Oshakati East is an electoral constituency in the Oshana Region of Namibia. It comprises the eastern parts of the town of Oshakati. The constituency had 19,606 registered voters in 2020. Oshakati East covers an area of 187 sqkm. It had a population of 27,227 in 2011, up from 24,269 in 2001.
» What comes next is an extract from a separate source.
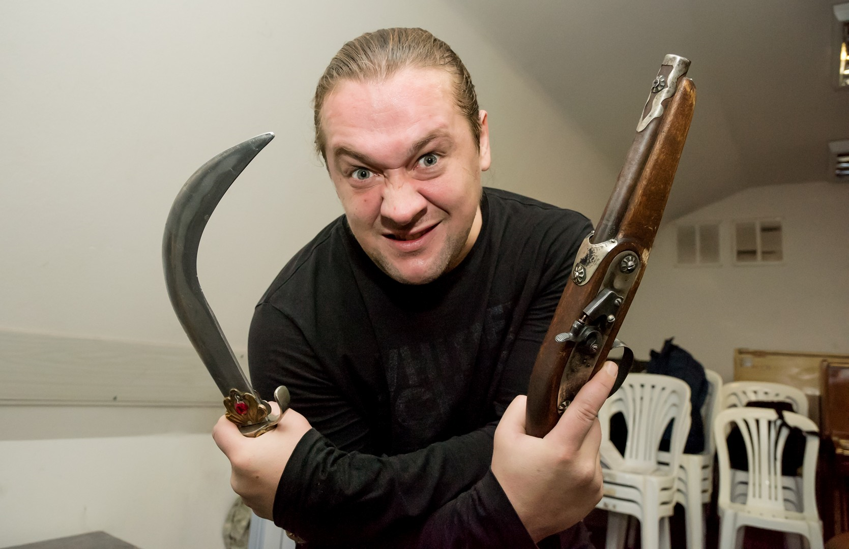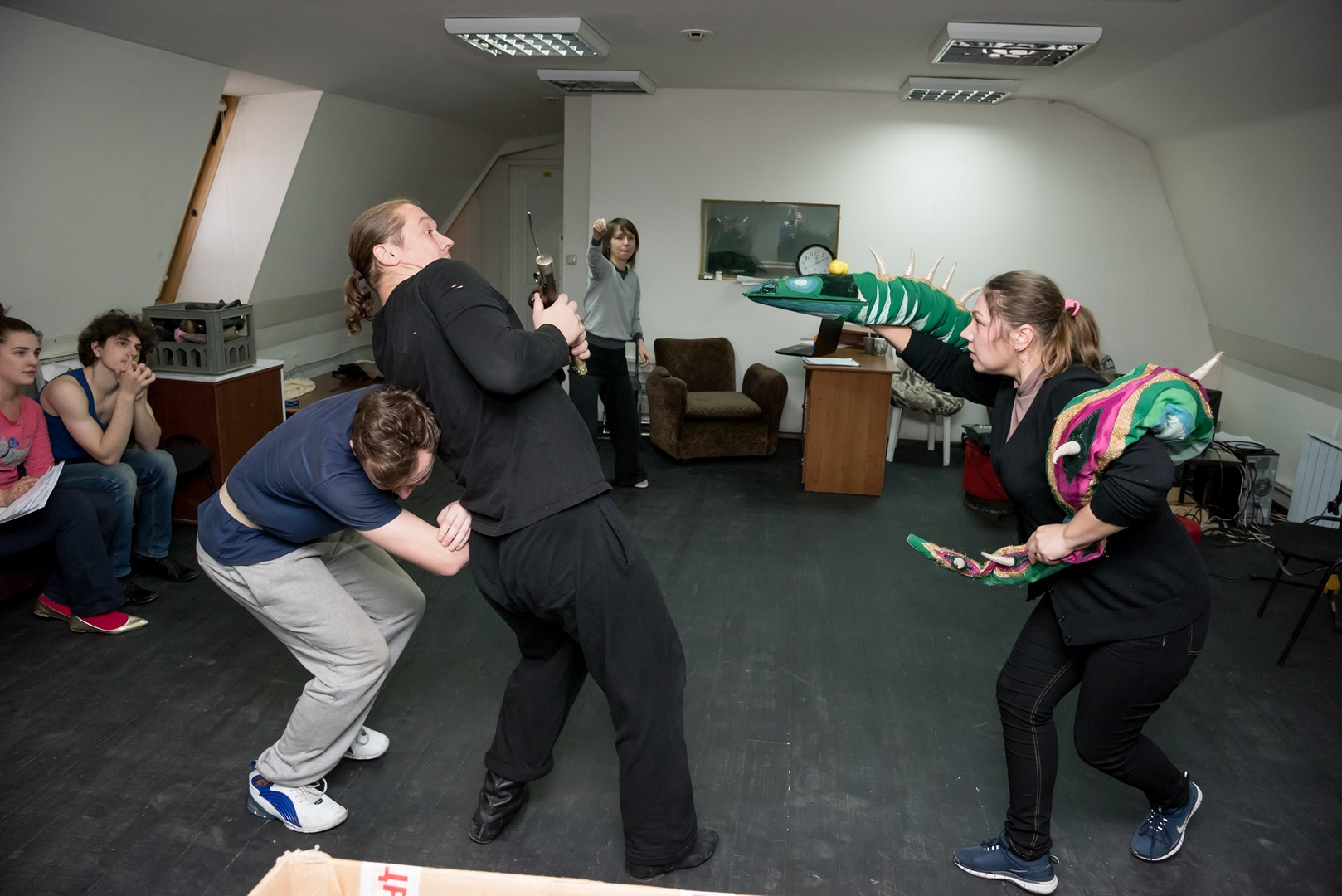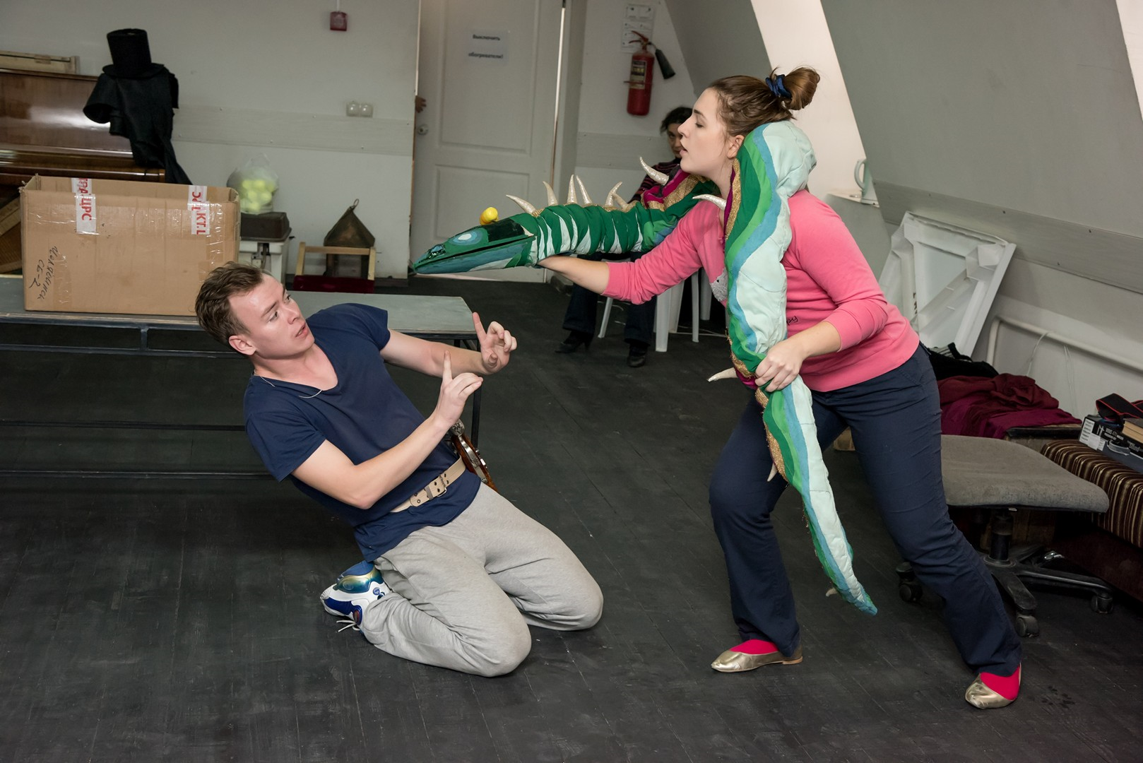 Кроме пиратов и призраков действующими лицами спектакля станут цирковые артисты. А участниками – не только актеры театра, но и выпускники театрального отделения ЧГАКИ курса Виктории Мещаниновой. «Нам повезло: одна из студенток , занятых в спектакле, действительно занималась в цирковой студии. Вот и родилась мысль – почему бы ни включить в спектакль цирковые номера. Так что теперь участники репетиций еще и учатся жонглировать», - рассказал постановщик Олег Хапов. Цирковые навыки необходимо приобрести всего за месяц, что вряд ли возможно без консультации настоящих артистов цирка. Такими консультантами для театра стали художественный руководитель артгруппы Арена74 Сергей Парватов и артистка цирка Елена Бахарева. А основная нагрузка по работе с участниками спектакля легла на хореографа Юлию Репицину.

Oshakati East was created in 1998. Following a recommendation of the Second Delimitation Commission of Namibia, and in preparation of the 1998 general election, the old Oshakati Constituency was split into Oshakati West and Oshakati East. The Okatana River separates the two constituencies.

==Politics==
Oshakati is traditionally a stronghold of the South West Africa People's Organization (SWAPO) party. In the 2004 regional election SWAPO candidate Lotto Kuushomwa received 6,697 of the 7,324 votes cast. Kuushomwa was reelected in the 2010 regional elections with 6,501 votes. He defeated challengers Epafras Nghinamundova of the Rally for Democracy and Progress (RDP, 276 votes), Agatus Antanga of the Democratic Turnhalle Alliance (DTA, 72 votes), Timoteus Kambishi of the Congress of Democrats (CoD, 34 votes) and Ndateelela Nakale of SWANU (16 votes). Councillor Kuushomwa (SWAPO) was again reelected in the 2015 regional elections. He won with 5,559 votes, far ahead of Daniel Andreas (DTA) with 241 votes and Natangwe Shiwayu (RDP) with 81 votes.

The SWAPO candidate also won the 2020 regional election, albeit by a much smaller margin. Abner Shikongo obtained 4,575 votes, followed by Simon Neshiko of the Independent Patriots for Change (IPC), an opposition party formed in August 2020, with 2,411 votes.